Is this something others have experienced, by any chance?
I think you should reconsider your AF settings.
With 3D AF, you're asking the camera to not only focus, but to begin with first find something to focus on, then decide whether to indeed to keep focusing on the object found, and then anticipate on where it will be the next moment.
Sure, 3D AF has made huge improvements over the years, from what I read modern 3D AF can all do that impressively fast, but nevertheless IMO it still isn't 'magic, and still not as fast as shooting with proper 'normal', operator steered, action photography directed AF settings.
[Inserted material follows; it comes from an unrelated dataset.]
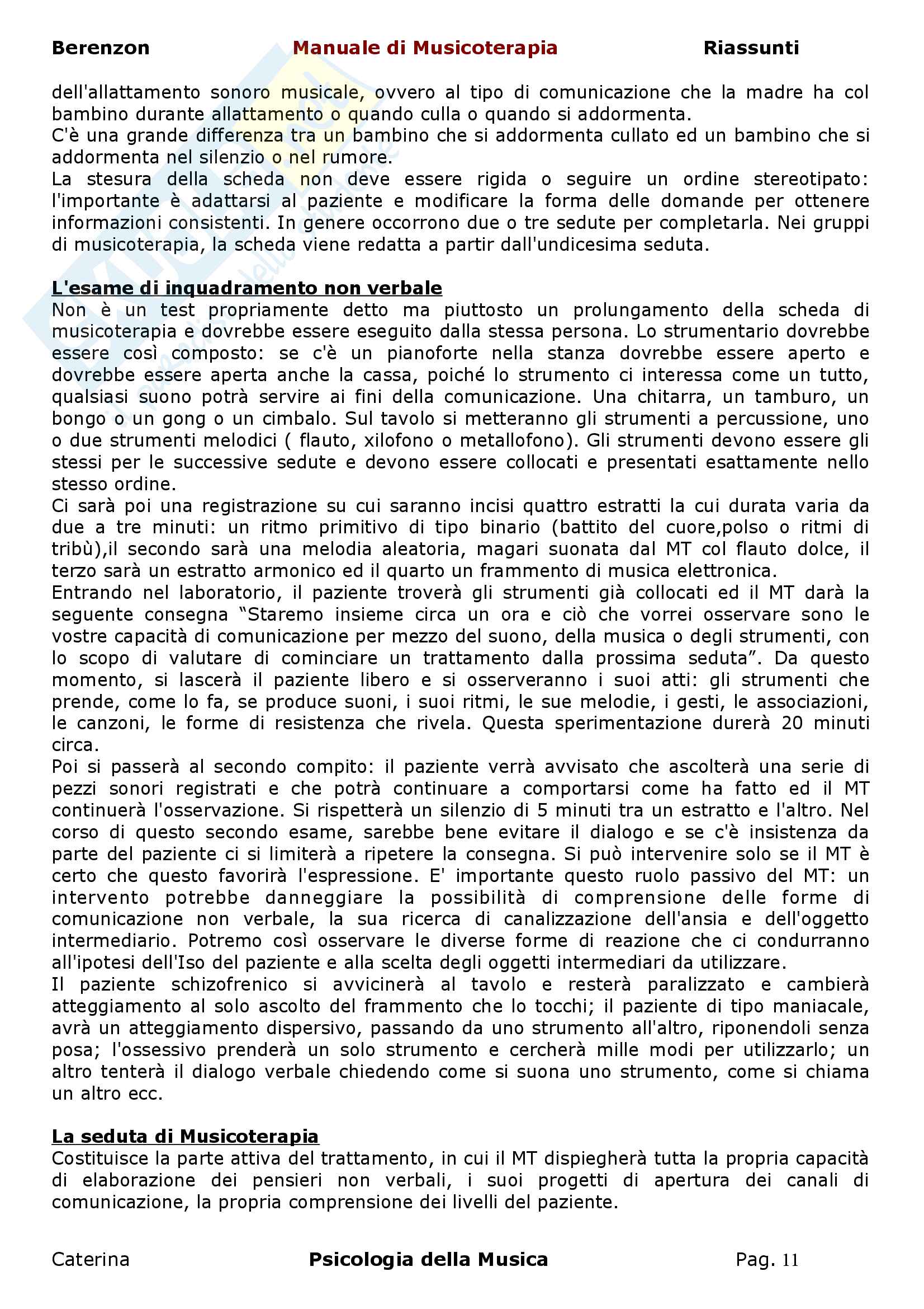 Riassunto esame Psicologia della musica, prof. Caterina, Manuale di musicoterapia di Benenzon

Due to the choices the electronics have to make, there always is an initial moment of 'hesitation', where the electronics have to make the necessary calculations to come to their decision.
In my experience (shot my fair share of weddings, both on digital, but also on film. Don't remember with much fondness having only 36 shots per film, and the constant pressure of wondering it was properly loaded - the 'endless' film was the worst nightmare- ) the kind of shots during weddings that demand ultra fast AF, usually/actually happen in one short moment/just the blink of an eye.
And for those moments the initial moment/hesitation 3D AF requires to get things in focus may very well be just a little too slow, and that may very well be causing the AF of your 58mm be too late, and consequently OoF
I personally have stayed away from 3D AF since using the early, rudimentary (it wasn't even called 3D AF in those days) implementation on the F100, tried it once, cost me a shoot (90% was OoF), never used it i earnest since.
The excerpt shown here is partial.